Osteogenesis imperfecta (OI) is a congenital disorder. Most cases result from an autosomal dominant defect in the type I collagen encoding gene (COL1A1 or COL1A2), but some may be due to de novo mutations, i.e. mutations that appear for the first time in a family. The most common etiology for this mutation is advanced paternal age.1

OI is characterized by a qualitative and quantitative deficiency in the production of connective tissue, being able to present multiple phenotypic manifestations. The incidence is estimated to be one per 20,000 births, varying according to the underdiagnosis of mild forms.1 This disease is characterized by the presence of fragile bones with a tendency to fracture easily. Patients affected by OI usually present with bone deformity, joint laxity, scoliosis, dentinogenesis alterations, hearing loss, muscle weakness, fatigue, blue sclerae, and short stature.2

The forms of presentation of OI vary considerably from one person to another and, therefore, the various manifestations are not evident in their entirety. There are 11 types of OI based on the severity of the symptoms, according to the Sillence classification.1,3,4

Regarding OI treatment, it is mainly focused on three objectives: to reduce the rate of fractures, to prevent deformities of long bones and to improve mobility and quality of life.

We report the case of a patient with established diagnosis of osteogenesis imperfecta and antecedent of cerebral palsy, who received denosumab as the primary treatment for her condition.

We report the case of a 9-year-old female patient with a history of childhood cerebral palsy and epilepsy, who came to the hospital for the first time because of a right femur fracture at 7 months of age while undergoing physical therapy for her cerebral palsy. Two months later during a pediatric control, she suffered a second fracture in the left femur.
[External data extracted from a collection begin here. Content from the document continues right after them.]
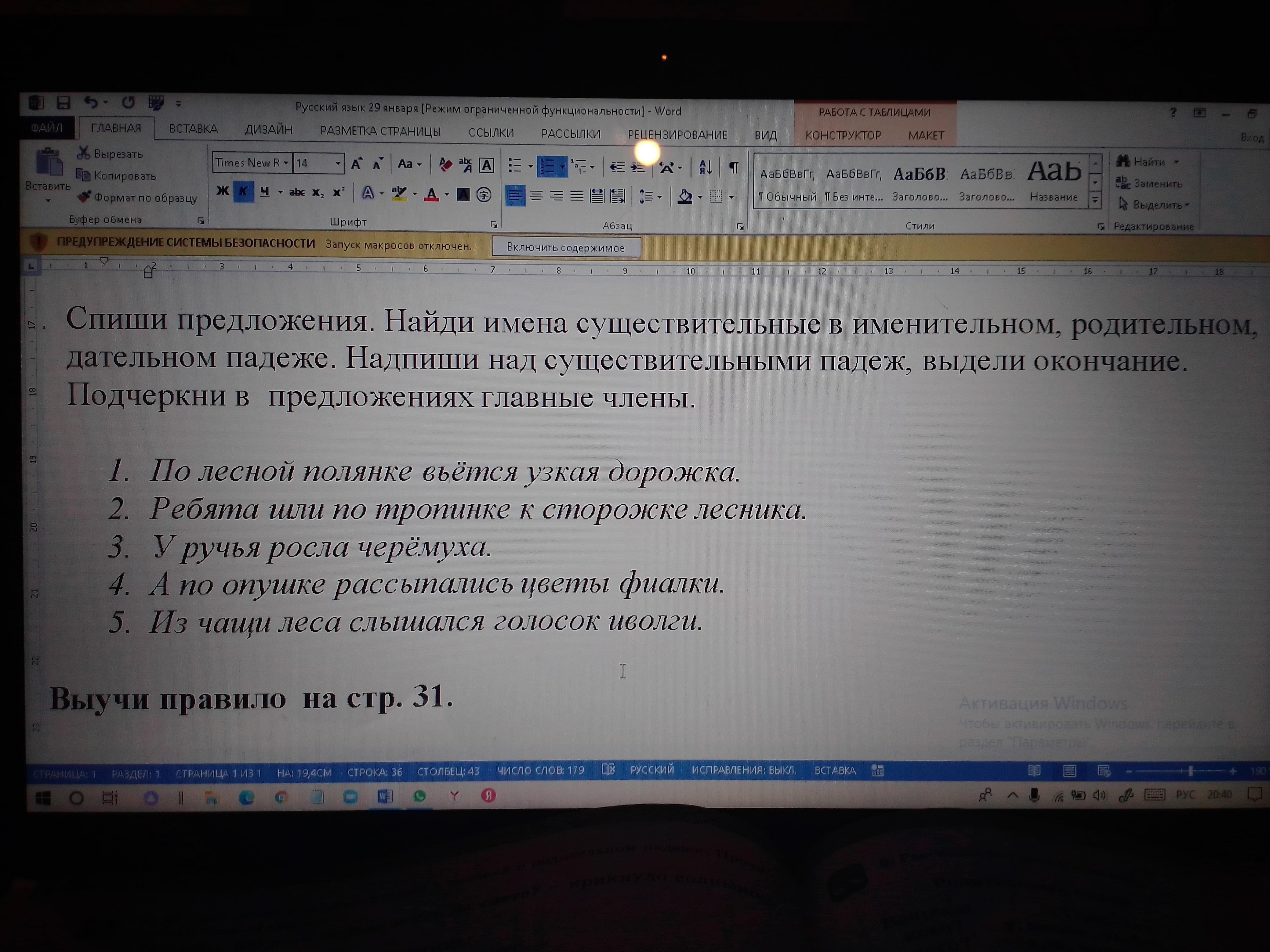ручья - род. п. лесника - род.п. тропинке-дат.п. ребята-им.п. дорожка-дат.п черемуха - имен.п. опушке-пред.п. цветы - имен.п фиалки - имен.п.
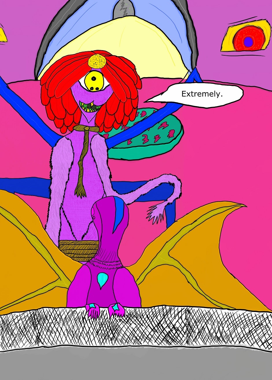 Dhalast is very young, very driven, very single-minded, very accomplished; at the juvenile age of five hundred years, she earns her first face-to-face meeting with His Badass Glorification, the primordial behemoth, ever-growing, never-evolving, that has ruled over The Rajaqweet almost since the birth of the universe.
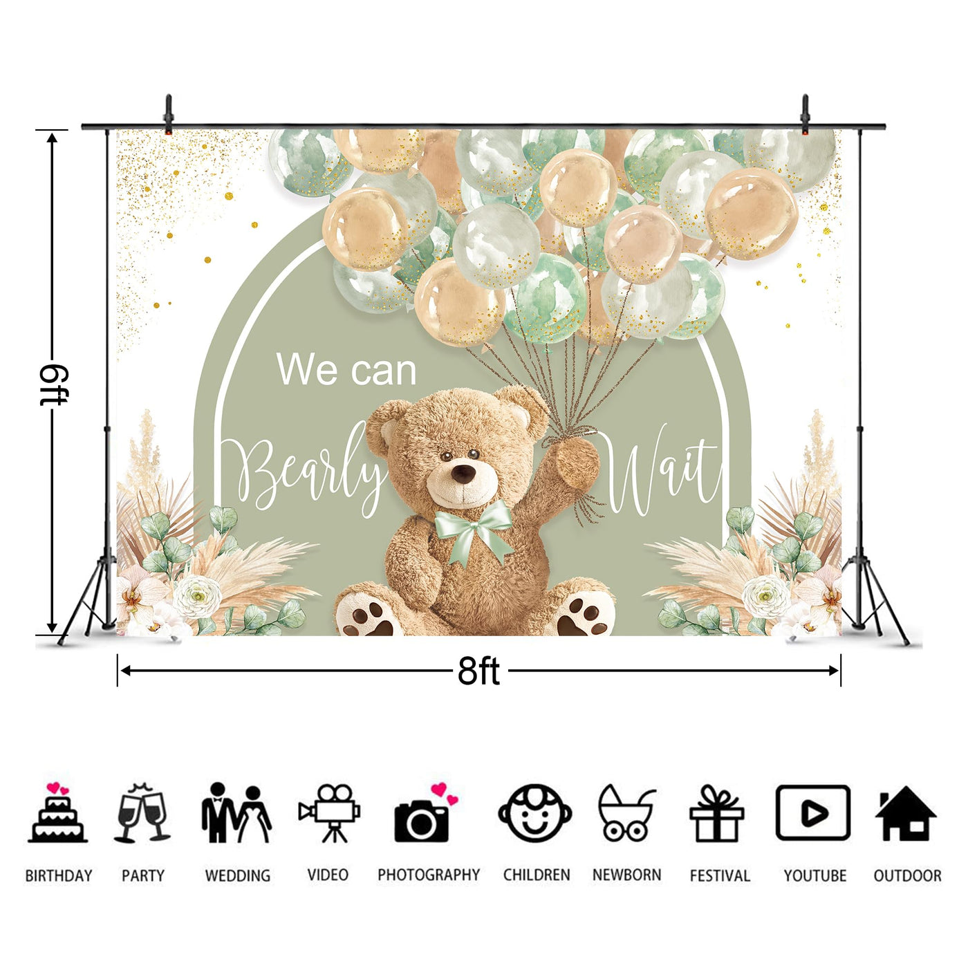 Q: What occasions is the backdrop suitable for?A: The Imirell Bear Baby Shower Backdrop is perfect for various occasions, including birthday parties, newborn photography, children's events, and as a video backdrop.
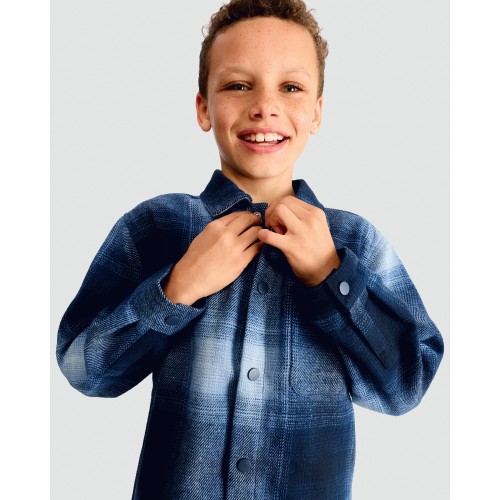 F&F Boys Check Print Pocket Front Shacket in Blue
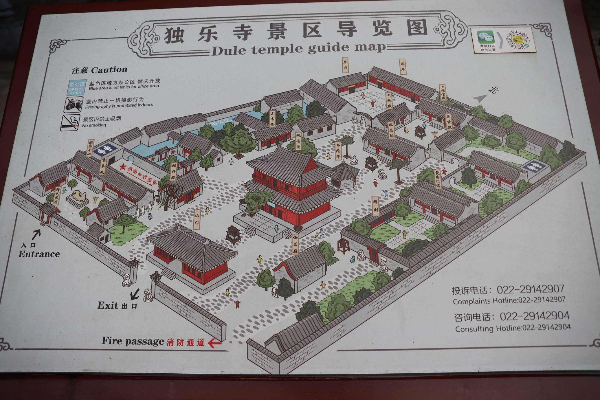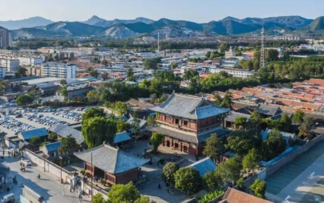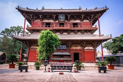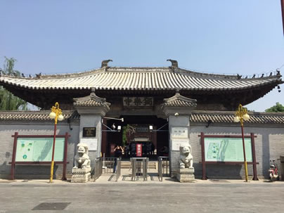 獨(dú)樂寺山門是我國現(xiàn)存最早的廡殿頂山門,山門面闊三間,進(jìn)深兩間,中間做穿堂,正脊兩端的鴟吻,造型生動古樸為,遼代原物。
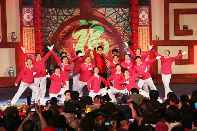 著名女高音歌唱家李丹陽的音色甜美清新,舞臺形象優(yōu)雅大方,是深受聽眾喜愛的歌唱藝術(shù)家。她與康姿百德公司董事長即興對唱《敖包相會》獲得了滿堂喝彩。隨后,李丹陽為“畢姥爺”獻上了一道健康大菜——秦皇島出品的正能量紅歌《最美中國人》。演唱者是90后網(wǎng)絡歌手楊德朗,以風靡全國的《康姿百德健身操》伴舞,清新陽光的曲風、舞風,滌蕩著人們的心靈。
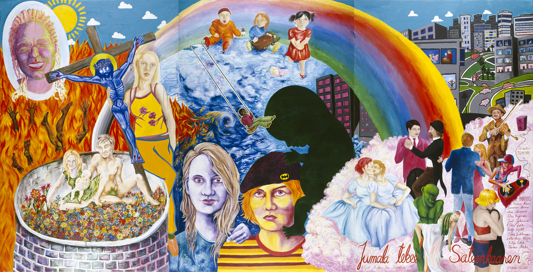 Juha Sääski (1952–): Iloista antajaa jumala rakastaa / God Loves the Merry Filantropist, 2008, öljy kankaalle, 200 x 320 cm.
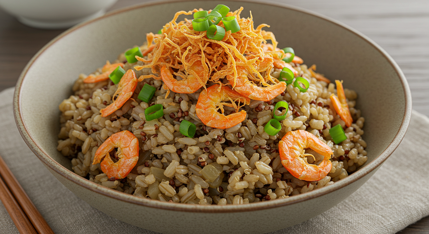밥이나 죽에 건새우를 더하면 훌륭한 영양 보충이 됩니다. 특히 현미, 보리, 퀴노아 같은 곡류와 함께 조리하면 탄수화물과 단백질, 미네랄이 조화를 이루어 든든한 식사가 완성됩니다.
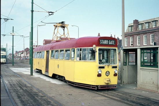 Thank you for posting this picture, it brought back a lot of memories. These trams (rebuilt from earlier railcoaches) were featured in a lengthy BBC Look North report at the time (1972-3). We were regular visitors to Blackpool then and wanted to go and take a ride. The novel aspect featuring in the Look North report was of the controller having to be used by the motorman’s right hand rather than his left and a motorman so trained was interviewed. (In another BBC Look North report from the 70s, a motorman was interviewed whilst driving one of these cars and he played Joe Loss 78s on a portable wind-up gramophone as the tram went down the prom, much to the delight of his passengers!). We boarded the car at Harrowside and the platform was wide and sloping rather like some of the Manchester buses in the 1960s, and of course, we paid the motorman. However, although the livery (plum and primrose – originally the colours of Rochdale Corporation and Middleton Electric Traction Co.), front aspect and the platform were all really most appealing, that was more or less all there was to recommend them. Once inside, we sat down on what must have been the most uncomfortable seats ever used in public transport – fixed (without moveable backs) and the backs themselves were at 90 degrees. They were phenomenally uncomfortable making you sit bolt upright and really unpleasant to ride any distance. Worse than that, the windows were much smaller and higher than the bodies they replaced and it was a strain to keep one’s head up to see out. Visiting Blackpool subsequently, we were not the only ones wishing that the railcoaches had been restored and more often than not, we let these one-man trams pass, waiting for a more comfortable ride. They finished up arching their backs like threatened cats and became really unpleasant, looking even worse in green and cream. The last time I travelled in one was in the later 1980s when it was noisy and depressingly slow. As I got off it and watched it disappear in the distance, I realised that it had been a bold and brave experiment which had been executed in the most reasonable manner for the time (apart from the seating which I still regard as an absolute failure). However, whereas the original railcoach had been a classic, these became just interesting birds of passage.

The management of the fractures were limb immobilization and rest. At 11 months of age, she suffered a third fracture on her right fibula following a seizure and was diagnosed with osteogenesis imperfecta (OI) type IV based on Sillence's clinical criteria.

A study was performed to rule out mucopolysaccharidosis, which was negative. Also, a genetic pedigree was made which analyzed three generations and did not reveal a family history of OI (Fig. 1).

Fig. 1.

Patient's genetic pedigree.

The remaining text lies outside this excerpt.